TARIK KISWANSON, The Wait, 2023, resin, fiberglass, paint, stainless steel, 270 × 222 × 100 cm, at Prix Marcel Duchamp 2023 exhibition Centre Pompidou, Paris. Photo by Bertrand Prevost. Courtesy the artist and carlier gebauer, Berlin/Madrid. 

OCT 4–JAN 8, 2024
Prix Marcel Duchamp 2023

Centre Pompidou

On October 17, the Prix Marcel Duchamp 2023 was awarded to Tarik Kiswanson, a Swedish-Palestinian artist known for his abstract sculptural works, painting, drawing, performance, and poetry investigating the human condition and reflecting his life-experience as a second-generation immigrant. This exhibition at Centre Pompidou showcases artworks of Kiswanson and other nominees, including Bertille Bak, Bouchra Khalili, and Massinissa Selmani, tackling themes of postcolonial society and identities. 

BOUCHRA KHALILI, Twenty-Two Hours, 2018, video stills. Courtesy of the artist and mor charpentier, Paris. 

OCT 6–FEB 4, 2024
Une Assemblée de poète.sse.s civiques (A Convening of Civic Poets)
KADIST

Co-curated by Hoor Al Qasimi of Sharjah Art Foundation and Julia Morandeira Arrizabalaga of KADIST Paris, “A Convening of Civic Poets” takes reference to poet Pier Paolo Pasolini, from his role of voicing out our responsibility against the fragmentation of the world, to seek renewed linguistic agency in social justice. The exhibition will feature works by Manthia Siaware, Bouchra Khalili, Hajra Waheed, Jinoos Taghizadeh, and others. Highlights from the exhibition include Bouchra Khalili’s film Twenty-Two Hours (2018) and the book-turned-wall-text installation The Radically Ally (2019), investigating the witness of the Black Panther Party through archival materials. 

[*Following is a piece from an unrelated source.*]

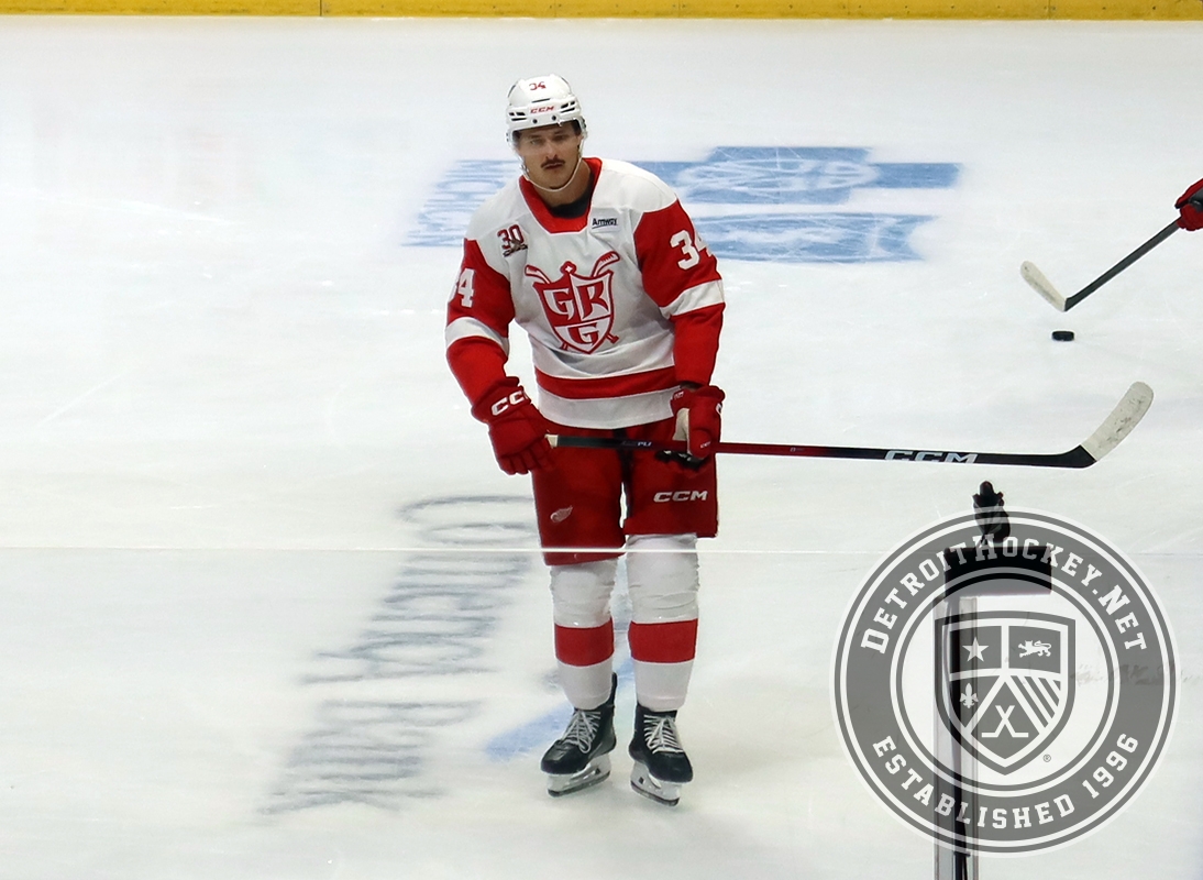 Eduards Tralmaks of the Grand Rapids Griffins skates during pre-game warmups before a game against the Manitoba Moose.

Installation views of CHEN KE’s "Bauhaus Gal – Theatre" at Perrotin Paris, 2023. Photo by Claire Dorn. Courtesy the artist and Perrotin. 

OCT 14–JAN 13, 2024
Chen Ke: Bauhaus Gal – Theatre

Perrotin

Perrotin presents Chen Ke’s “Bauhaus Gal — Theatre,” featuring a series of portraits and architectural photographs to the Parisian gallery space in her first solo exhibition in the city. Chen’s work, which have featured celebrities such as Marilyn Monroe or Frida Kahlo, this time focuses on images of young Bauhaus students, taken from Rössler’s sourcebook Bauhaus Mädels (2019). Through her portraits, Chen delicately represents the livelihoods of the young women at Bauhaus who reminded her of her own struggles and journey as an art student, without the intention of deconstructing or disrespecting the historical significance of the famous institution. 

XIE LEI, Au-dela I, 2023, oil on canvas, 270 × 205 cm. Photo by A. Mole. Courtesy Semiose, Paris. 

OCT 18–APR 2, 2024
Xie Lei: AU-DELÀ
Foundation Louis Vuitton

Chinese artist Xie Lei explores self-identity and the dichotomy of life and death in “AU-DELÀ,” bringing a series of five monumental paintings that transformed gallery three of the Foundation Louis Vuitton into a phantasmagorical landscape. Through a palette of somber hues that ebb and mutate into luminous shades, the viewer becomes immersed in a disturbing imaginary world that draws from a profound recollection of real situations and personal emotions. Faceless and anthropomorphic figures emerge from the twisting foliage, their figures diluted and shaded in impermanence, as Xie dwells on the ambiguity and complexity of life, evoking an otherworldly atmosphere that questions our perception of reality.